Now let's make a prediction and compare it to a hand-calculation.

In [6]:
text = 'hello spam'

probs_if_spam = [
    (1 + 0.5) / (1 + 2 * 0.5),      # "spam"  (present)
    1 - (0 + 0.5) / (1 + 2 * 0.5),  # "ham"   (not present)
    1 - (1 + 0.5) / (1 + 2 * 0.5),  # "rules" (not present)
    (0 + 0.5) / (1 + 2 * 0.5)       # "hello" (present)
]

probs_if_ham = [
    (0 + 0.5) / (2 + 2 * 0.5),      # "spam"  (present)
    1 - (2 + 0.5) / (2 + 2 * 0.5),  # "ham"   (not present)
    1 - (1 + 0.5) / (2 + 2 * 0.5),  # "rules" (not present)
    (1 + 0.5) / (2 + 2 * 0.5),      # "hello" (present)
]

p_if_spam = math.exp(sum(math.log(p) for p in probs_if_spam))
p_if_ham = math.exp(sum(math.log(p) for p in probs_if_ham))

assert model.predict(text) == p_if_spam / (p_if_ham + p_if_spam)

So it works with training wheels on.

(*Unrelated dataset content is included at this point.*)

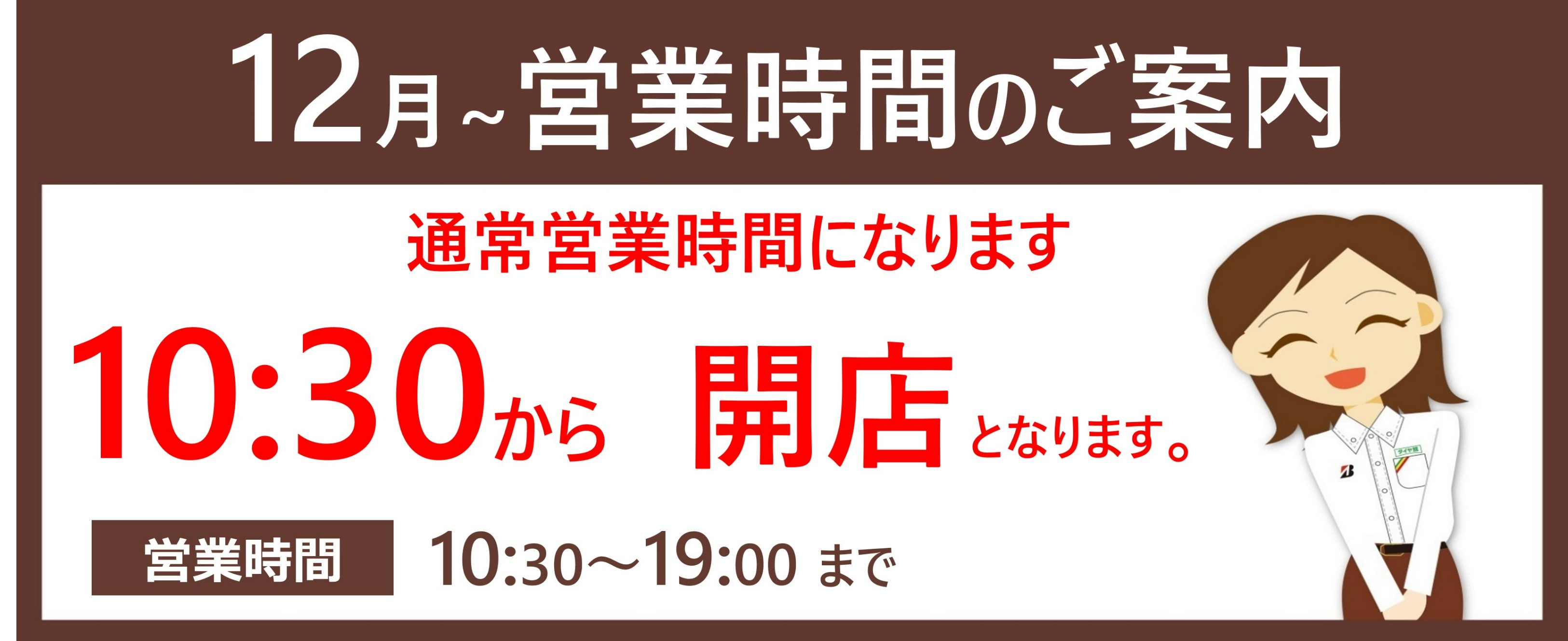 【10:30OPEN】12月~通常営業時間に戻ります。 2025年11月29日 いつもタイヤ館八戸をご利用いただき 誠にありがとうございます(*^-^*) 12月1日より通常営業時間に戻ります。 【 10:30~ 開店です 】 お間違えの無いようお願いいたします。

Let's do it on real data.

## A spam filter: using our model

In [8]:
# from io import BytesIO
# import requests
# import tarfile

# base_url = "https://spamassassin.apache.org/old/publiccorpus"
# files = ["20021010_easy_ham.tar.bz2",
#          "20021010_hard_ham.tar.bz2",
#          "20021010_spam.tar.bz2"]

# output_dir = 'spam_data'

# for file in files:
#     content = requests.get(f"{base_url}/{file}").content
#     fin = BytesIO(content)
#     with tarfile.open(fileobj=fin,mode='r:bz2') as tf:
#         tf.extractall(output_dir)

To keep things simple we'll only look at the subject lines of the emails.

In [9]:
import glob, re

path = 'spam_data/*/*'

data: List[Message] = []
    
for file in glob.glob(path):
    is_spam = "ham" not in file
    
    with open(file,errors='ignore') as email_file:
        for line in email_file:
            if line.startswith("Subject:"):
                subject = line.lstrip("Subject: ")
                data.append(Message(subject,is_spam))
                break

Now we can split into train-test.

In [11]:
import random
from scratch.machine_learning import split_data
random.seed(0)

train_messages, test_messages = split_data(data,0.75)

model = NaiveBayesClassifier()
model.train(train_messages)

Now let's generate some predictions and see how the model does:

In [12]:
from collections import Counter

predictions = [(message, model.predict(message.text))
               for message in test_messages]

confusion_matrix = Counter((message.is_spam, spam_probability > 0.5) 
                           for message, spam_probability 
                           in predictions)

print(confusion_matrix)

Counter({(False, False): 670, (True, True): 86, (True, False): 40, (False, True): 29})


This gives 84 true positives (spam classified as “spam”), 25 false positives (ham classified as “spam”), 703 true negatives (ham classified as “ham”), and 44 false negatives (spam classified as “ham”). This means our precision is 84 / (84 + 25) = 77%, and our recall is 84 / (84 + 44) = 65%, which are not bad numbers for such a simple model. (Presumably we’d do better if we looked at more than the subject lines.)

In [13]:
def p_spam_given_token(token:str, model: NaiveBayesClassifier) -> float:
    prob_if_spam, prob_if_ham = model._probabilities(token)
    return prob_if_spam / (prob_if_spam + prob_if_ham)

words = sorted(model.tokens,key=lambda t: p_spam_given_token(t,model))

In [15]:
print("spammiest words", words[-10:])

spammiest words ['zzzz', 'attn', '95', 'clearance', 'per', 'money', 'sale', 'rates', 'systemworks', 'adv']


In [17]:
print("hammiest words", words[:10])

hammiest words ['spambayes', 'users', 'razor', 'zzzzteana', 'sadev', 'apt', 'perl', 'ouch', 'spamassassin', 'selling']